He said that North Korean nuclear forces are “a war deterrent for putting an end to nuclear threat of the U.S. and for preventing its military invasion,” referred to “our rockets’ visit to the entire U.S. mainland,” and called Trump “mentally deranged”.
Instead of exchanging threats and insults, the two governments should agree on a non-aggression pact as a step toward finally concluding a peace treaty formally ending the 1950s Korean War and permanently denuclearizing the Korean peninsula.
The U.S. and North Korean threats are wrong as a matter of morality and common sense. They are also contrary to bedrock requirements of international law. Both countries, by engaging in a cycle of threats and military posturing, violate prohibitions on the threat of force to resolve disputes and on threats to use force outside the bounds of the law of armed conflict.
Trump’s threats carry more weight because the armed forces of the United States, backed by an immense nuclear arsenal, could accomplish the destruction of North Korea in short order.

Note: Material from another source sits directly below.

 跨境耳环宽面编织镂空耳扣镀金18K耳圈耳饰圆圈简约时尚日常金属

A threat of total destruction negates the fundamental principle that the right to choose methods and means of warfare is not unlimited:
• Under the law of armed conflict, military operations must be necessary for and proportionate to the achievement of legitimate military objectives, and must not be indiscriminate or cause unnecessary suffering. Protocol I to the Geneva Conventions prohibits threatening an adversary that there will be no survivors or conducting hostilities on that basis. The Nuremberg Tribunal found the Nazi concept of “total war” to be unlawful because it runs contrary to all the rules of warfare and the moral principles underlying them, creating a climate in which “rules, regulations, assurances, and treaties all alike are of no moment” and “everything is made subordinate to the overmastering dictates of war.”

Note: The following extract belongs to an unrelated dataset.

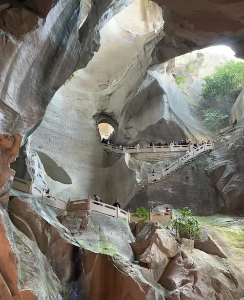 这个景区的核心卖点就是人工开凿的洞穴群,听起来好像没什么,但你带孩子走进去就会发现,这些洞穴里藏着的东西远比你想象的多。首先是那种"走进山体内部"的新鲜感,孩子平时看山都是从外面看,突然有一天你告诉他咱们今天要走进山里面去,那种好奇心立刻就被调动起来了,进去之后发现里面别有洞天,有石壁、有水潭、有光影变化,完全是另一个世界。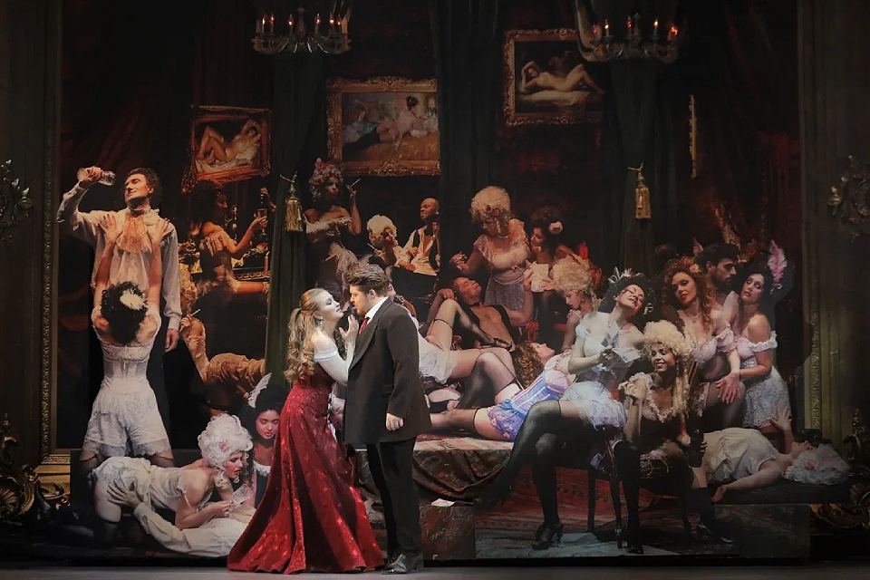 Оперный спектакль Дмитрия Бертмана в «Геликоне» стал хитом репертуара, но его интерпретация далека от традиционного прочтения. Постановка переносит действие в Париж эпохи Тулуз-Лотрека — на рубеж XIX–XX веков. Это придаёт истории о любви куртизанки и юноши из буржуазной семьи дополнительное напряжение и драматизм.

• Conducting a war with the intention of destroying an entire country would contravene the Genocide Convention, which prohibits killing “with intent to destroy, in whole or in part, a national, ethnical, racial or religious group ….”
• Limits on the conduct of warfare apply to both aggressor and defender states. Thus Trump’s statement that total destruction would be inflicted in defense of the United States and its allies is no justification. Moreover, the U.S. doctrine permitting preventive war, carried out in the illegal 2003 invasion of Iraq, means that Trump’s reference to “defense” does not necessarily rule out U.S. military action in the absence of a North Korean attack or imminent attack.

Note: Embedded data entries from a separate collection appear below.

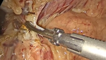 在作者的技术中,一旦作者的皮瓣被创建,作者专注于解剖Cooper韧带,就在耻骨联合的侧面。这将有助于识别腹膜前解剖结构。首先通过解剖内侧空间来识别Cooper韧带。这通常在解决疝气之前完成,因为它是一个有用的标志,特别是当疝囊很大并遮盖解剖区域时。一旦Cooper韧带被识别并且清晰可见,作者鼓励对腹膜前间隙进行横向解剖。这将确保更容易识别精索,输精管和其他重要结构(图3)。疝囊必须完全脱离精索,以避免疝气复发。如果大的阴窦疝可能会使夹层变得具有挑战性,可以将囊横切并留在原位,小心闭合腹膜缺损。如果已决定结扎囊,则囊的最窄点是最佳的,因为这将减小需要闭合的腹膜瓣中的缺损的大小。解剖完成后,可以将网状物放置在适当的位置。网状物的输送可以在对接机器人之前的程序开始时或者在床边通过8mm机器人套管针在适当的时间进行。当放置在手术开始时,作者将网状物和缝合线放置在骨盆入口处,在那里它是恒定的视图,但不在解剖的方式。当使用自粘网时,当直接缺陷较大时需要缝合固定。网状物跨越从耻骨结节到侧腹壁的空间,覆盖间接和直接缺陷。如果要进行固定,将不可吸收的缝合线或钉子放置在Cooper韧带和上腹壁上,位于上腹血管的内侧和外侧。必须小心且策略性地放置自粘网,以防止需要“取下”网状物并重新涂抹。作者更喜欢从Cooper韧带开始将网状物从内侧向外侧滚动。这确保了在定位时足够覆盖内侧空间。足够的覆盖率是关键,因为这可以减少复发(图4)。除了这种技术,可以用带倒勾的缝线封闭大的直接缺陷。这可以用于防止网格通过大缺陷而发生事故。
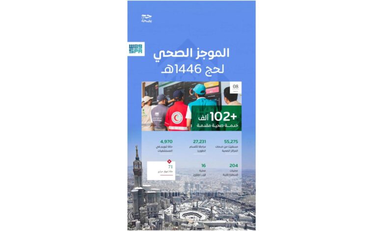 المنظومة الصحية تقدّم أكثر من 102 ألف خدمة صحية لضيوف الرحمن حتى ثامن أيام ذي الحجة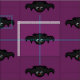 Un bate lindo al estilo kawaii, con un fondo morado. El personaje se ha repetido en un patrón de puntos de polka.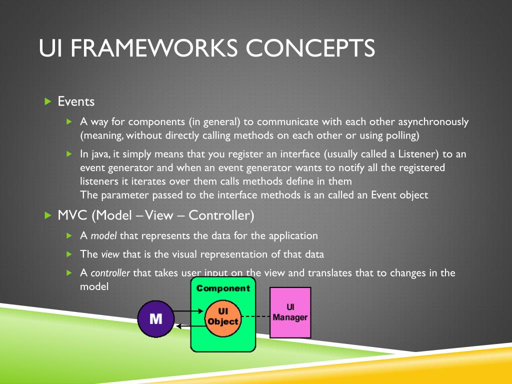 UI Frameworks Concepts • Events • A way for components (in general) to communicate with each other asynchronously (meaning, without directly calling methods on each other or using polling) • In java, it simply means that you register an interface (usually called a Listener) to an event generator and when an event generator wants to notify all the registered listeners it iterates over them calls methods define in themThe parameter passed to the interface methods is an called an Event object • MVC (Model – View – Controller) • A model that represents the data for the application • The view that is the visual representation of that data • A controller that takes user input on the view and translates that to changes in the model

• While the United States likely would not use nuclear weapons first in the Korean setting, it remains true that Trump’s references to “fire and fury” and “total destruction” raise the specter of U.S. nuclear use. North Korea has explicitly warned of use of its nuclear weapons. Nuclear weapons cannot be used in compliance with the law of armed conflict, as the recently adopted Treaty on the Prohibition of Nuclear Weapons recognizes. Threats of use of nuclear weapons are likewise unlawful. The illegal character of the threat or use of nuclear weapons is especially egregious where the express intent is to “totally destroy” an adversary, a purpose that from the outset rules out limiting use of force to the proportionate and necessary.
U.S. and North Korean threats of war are also unlawful because military action of any kind is not justified. The UN Charter prohibits the threat or use of force except in self-defense against an armed attack or subject to UN Security Council authorization:
• Article 51 of the UN Charter permits the use of force as a matter of self-defense only in response to an armed attack. No armed attack by either side has occurred or is imminent.
• The Security Council is addressing the matter and has not authorized use of force. Its resolution 2375 of 11 September 2017 imposing further sanctions on North Korea was adopted pursuant to UN Charter Article 41, which provides for measures not involving the use of force. There is no indication whatever in that and preceding resolutions of an authorization of use of force. Moreover, the resolution emphasizes the need for a peaceful resolution of the dispute with North Korea. That approach is mandated by the UN Charter, whose Article 2(3) requires all members to “settle their international disputes by peaceful means in such a manner that international peace and security, and justice, are not endangered.”
It is urgent that diplomatic overtures replace threats. In the nuclear age, the first principle of diplomacy should be that adversaries talk to each other to the maximum possible extent, and in moments of crisis directly and unconditionally. We learned during the Cold War that even when the prospects for any tangible progress seem dim, negotiations between nuclear-armed adversaries have other positive results. They allow the military and political leaderships of the adversaries to better understand each other’s intentions, and their fears, and build broader channels of communication.
Accordingly, the United States should declare itself ready and willing to engage in direct talks with North Korea, and a commitment to denuclearization should not be a precondition for such talks. To facilitate negotiations, the United States and South Korea should immediately cease large-scale military exercises in the region, providing North Korea with an opportunity to reciprocate by freezing its nuclear-related testing activities.
The immediate aim of negotiations should be a non-aggression pact, as a step toward a comprehensive peace treaty bringing permanent closure to the Korean War and providing for a nuclear-weapon-free Korean peninsula.
Success in denuclearizing the Korean peninsula will be much more likely if the United States, Russia, China and other nuclear-armed states also engage, as they are obligated to do, in negotiations for a world free of nuclear weapons.